- **What needs to be done**
Set down the whole listing below exactly, without pictures.
++++ Extracted data
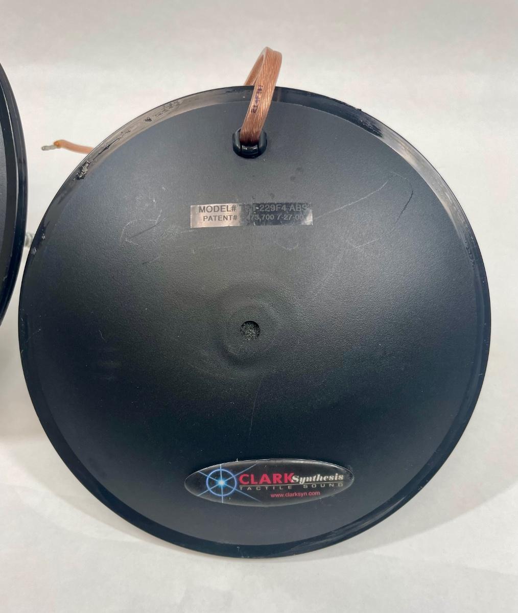 Clark Synthesis Tactile Sound Transducers deliver extremely accurate audio signals into your furniture. Great addition to any home theater system. Model TST229F4. Approx. 8” across. Untested but appear to be in good condition.
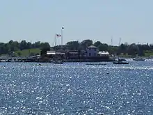 Lime Rock is an island located 600 feet offshore in Newport Harbor, in Narragansett Bay, in the U.S. state of Rhode Island. It was made famous by Ida Lewis, the lighthouse keeper of the tower built on it in 1854 which is now known as Ida Lewis Rock Light.[1] In 1927 the island was sold to a Yacht Club and was connected to Aquidneck Island by a small causeway. A steel tower light was placed in front of the building, which remained an active light until 1963.[2]
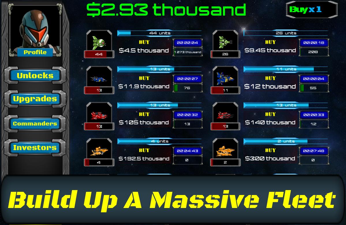 The Galaxy is at war! It is an excellent opportunity to start your own mercenary corporation and build up a massive fleet to rake in massive amounts of credits from your clients and investors. Purchase factories to mass produce your fleet's ships and take them to battle against never-ending waves of enemy fleets.
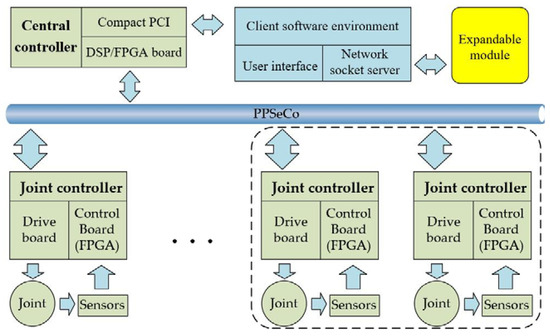 In this section, an expandable electrical system architecture is proposed as shown in Figure 2. The dashed part represents other joints, which can together constitute a humanoid manipulator. The electrical system adopts double-layer control structure, which mainly consists of a central controller and a joint controller. Some key factors of this scheme are taken into account. First of all, the double-layer control structure can reduce the computational burden and simplify system maintenance compared to a single controller. Another reason for the choice of double-layer control structure is that it facilitates building a humanoid manipulator in the future.
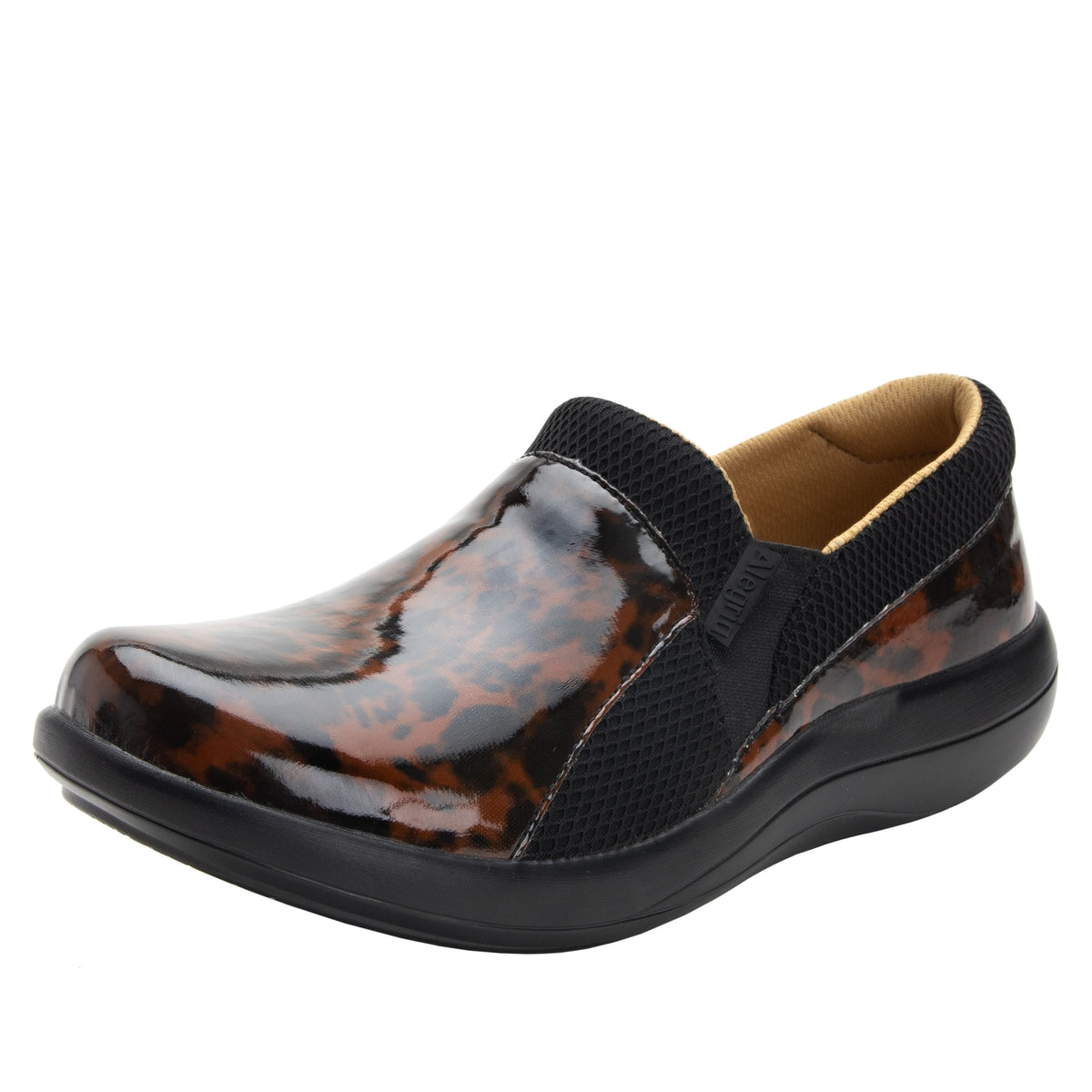 There’s nothing slow about the styling look of the Duette Tortoise Sport Rocker shoe! This contemporary take on a classic print will take your style points from 0-60 in nothing flat and keep you comfortable and supported, too! Warm brown tones in caramel and umber let you pair this classy shoe with lots of different color attire. The sport rocker outsole is made of a dual-density polyurethane that increases your support, balances weight distribution, provides excellent shock absorption and gives you better rebound with each step. Slip-resistant and stain-resistant, you’ll be steady on your feet no matter how fast your day goes and you’ll look wonderful, too. Double elastic gores make the Duette easy to slip into and out of. Perfect for multi-tasking, the Duette is a great choice for nurses and busy professionals of all types. Enjoy a pair today!
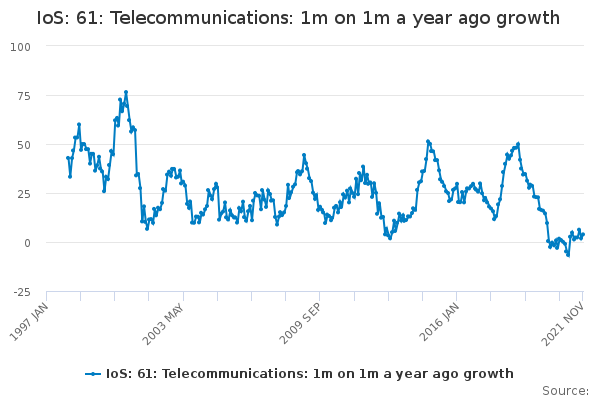 Download this time seriesIoS: 61: Telecommunications: 1m on 1m a year ago growth
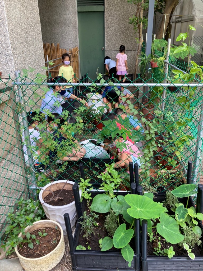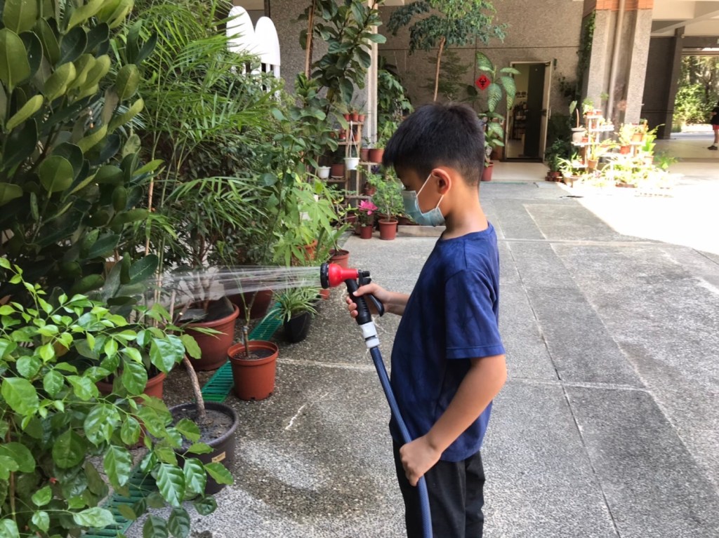 在老師精心安排下,六年級帶領的組員負責生態池周邊,而幾位高年級(五年級)的孩子則個別帶領著自己的組員(一至四年級每組8人),開始校園與社區服務。
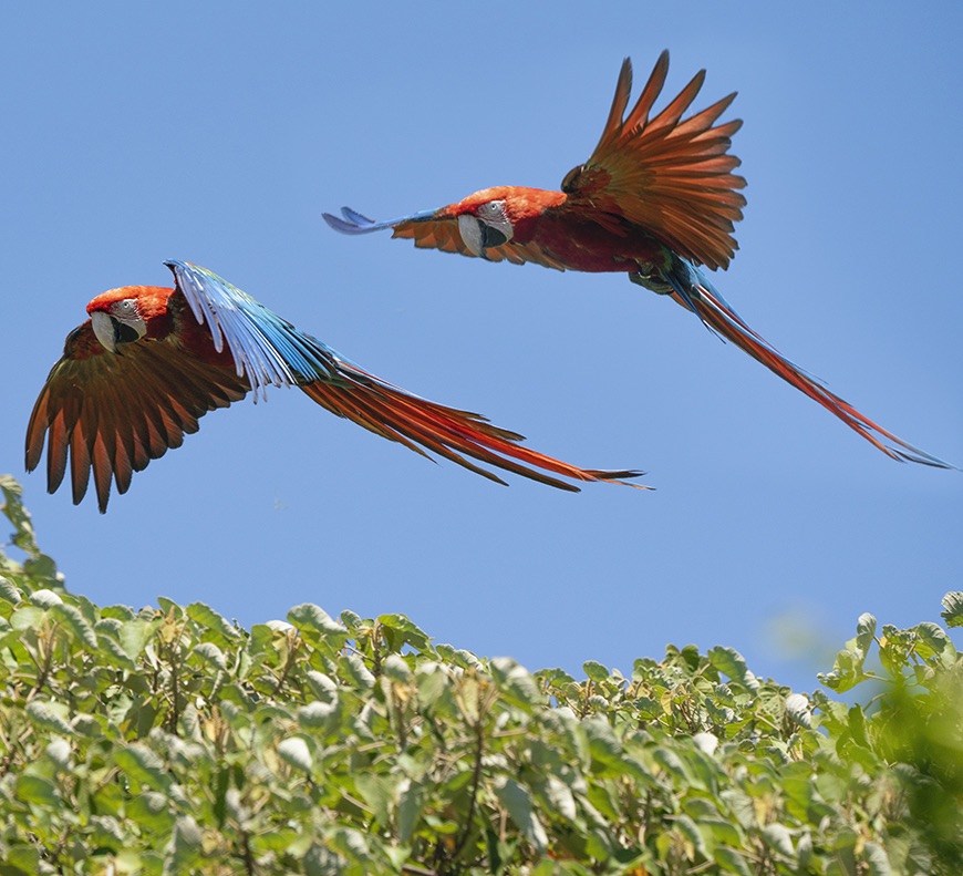 Los recientes incendios en Corrientes enfatizaron la importancia del regreso del guacamayo rojo a esa región como un “regenerador de bosques”, ya que, al alimentarse de frutos de gran porte, ayuda a dispersar sus semillas y de esta forma contribuye a recuperar la estructura y funcionalidad del ecosistema.
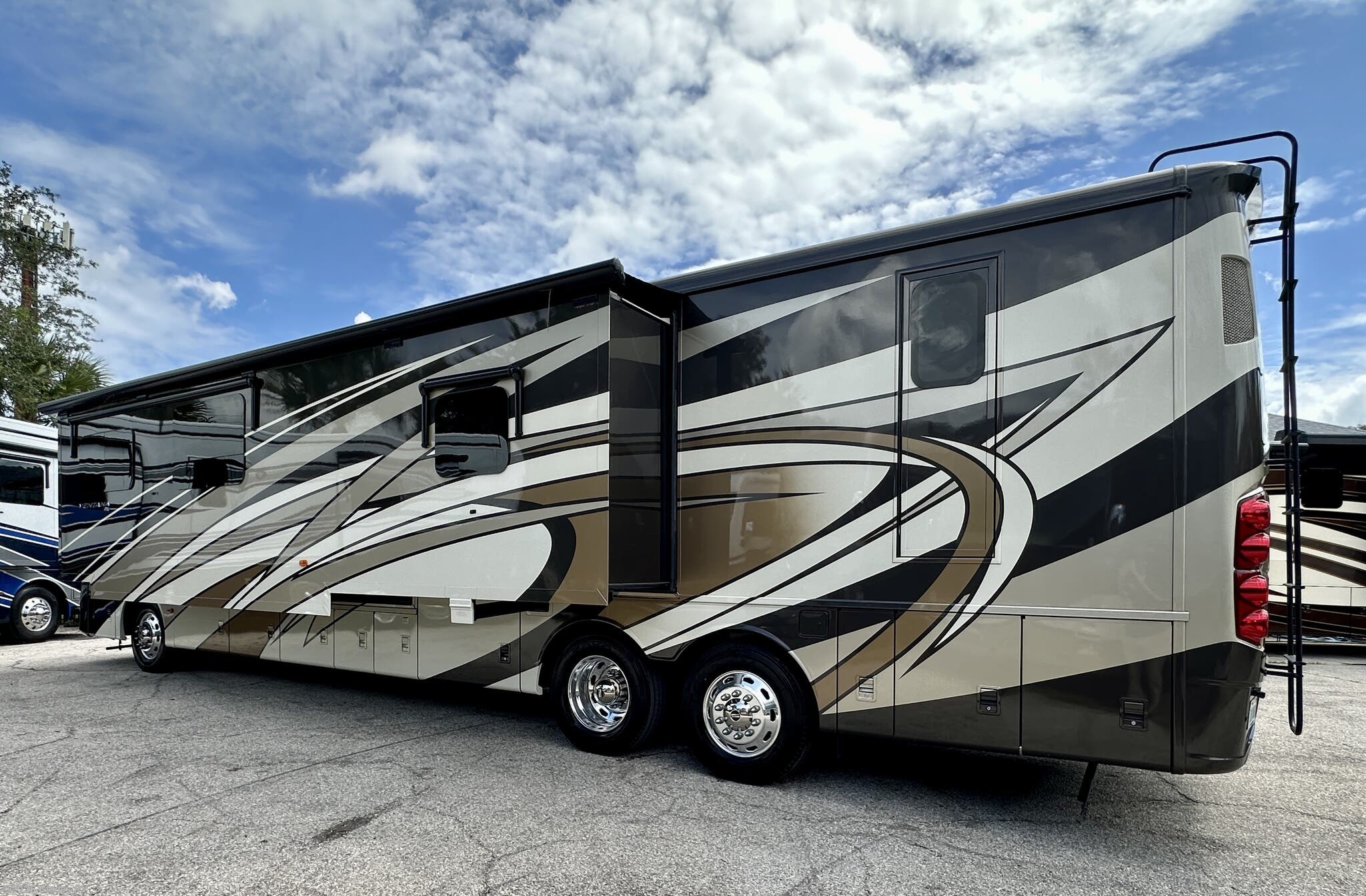 Automatic Leveling Jacks, Backup Monitor, Escape Door, Keyless Entry, Outside Entertainment Center, Power Awning, Power Entrance Step -
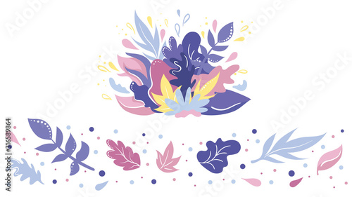 Set of abstract spring leaves on white background, hand drawn design elements. Simple cartoon flat style. Vector flat illustration
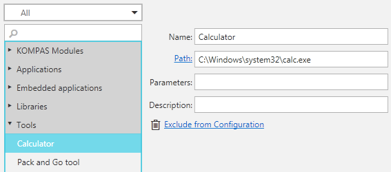 To include a component in the configuration, the commands of the Composition menu of the Configurator dialog box are used.
++++++++
- **Answer to this problem**
 Clark Synthesis Tactile Sound Transducers deliver extremely accurate audio signals into your furniture. Great addition to any home theater system. Model TST229F4. Approx. 8” across. Untested but appear to be in good condition.
 Lime Rock is an island located 600 feet offshore in Newport Harbor, in Narragansett Bay, in the U.S. state of Rhode Island. It was made famous by Ida Lewis, the lighthouse keeper of the tower built on it in 1854 which is now known as Ida Lewis Rock Light.[1] In 1927 the island was sold to a Yacht Club and was connected to Aquidneck Island by a small causeway. A steel tower light was placed in front of the building, which remained an active light until 1963.[2]
 The Galaxy is at war! It is an excellent opportunity to start your own mercenary corporation and build up a massive fleet to rake in massive amounts of credits from your clients and investors. Purchase factories to mass produce your fleet's ships and take them to battle against never-ending waves of enemy fleets.
 In this section, an expandable electrical system architecture is proposed as shown in Figure 2. The dashed part represents other joints, which can together constitute a humanoid manipulator. The electrical system adopts double-layer control structure, which mainly consists of a central controller and a joint controller. Some key factors of this scheme are taken into account. First of all, the double-layer control structure can reduce the computational burden and simplify system maintenance compared to a single controller. Another reason for the choice of double-layer control structure is that it facilitates building a humanoid manipulator in the future.
 There’s nothing slow about the styling look of the Duette Tortoise Sport Rocker shoe! This contemporary take on a classic print will take your style points from 0-60 in nothing flat and keep you comfortable and supported, too! Warm brown tones in caramel and umber let you pair this classy shoe with lots of different color attire. The sport rocker outsole is made of a dual-density polyurethane that increases your support, balances weight distribution, provides excellent shock absorption and gives you better rebound with each step. Slip-resistant and stain-resistant, you’ll be steady on your feet no matter how fast your day goes and you’ll look wonderful, too. Double elastic gores make the Duette easy to slip into and out of. Perfect for multi-tasking, the Duette is a great choice for nurses and busy professionals of all types. Enjoy a pair today!
 Download this time seriesIoS: 61: Telecommunications: 1m on 1m a year ago growth
 在老師精心安排下,六年級帶領的組員負責生態池周邊,而幾位高年級(五年級)的孩子則個別帶領著自己的組員(一至四年級每組8人),開始校園與社區服務。
 Los recientes incendios en Corrientes enfatizaron la importancia del regreso del guacamayo rojo a esa región como un “regenerador de bosques”, ya que, al alimentarse de frutos de gran porte, ayuda a dispersar sus semillas y de esta forma contribuye a recuperar la estructura y funcionalidad del ecosistema.
 Automatic Leveling Jacks, Backup Monitor, Escape Door, Keyless Entry, Outside Entertainment Center, Power Awning, Power Entrance Step -
 Set of abstract spring leaves on white background, hand drawn design elements. Simple cartoon flat style. Vector flat illustration
 To include a component in the configuration, the commands of the Composition menu of the Configurator dialog box are used.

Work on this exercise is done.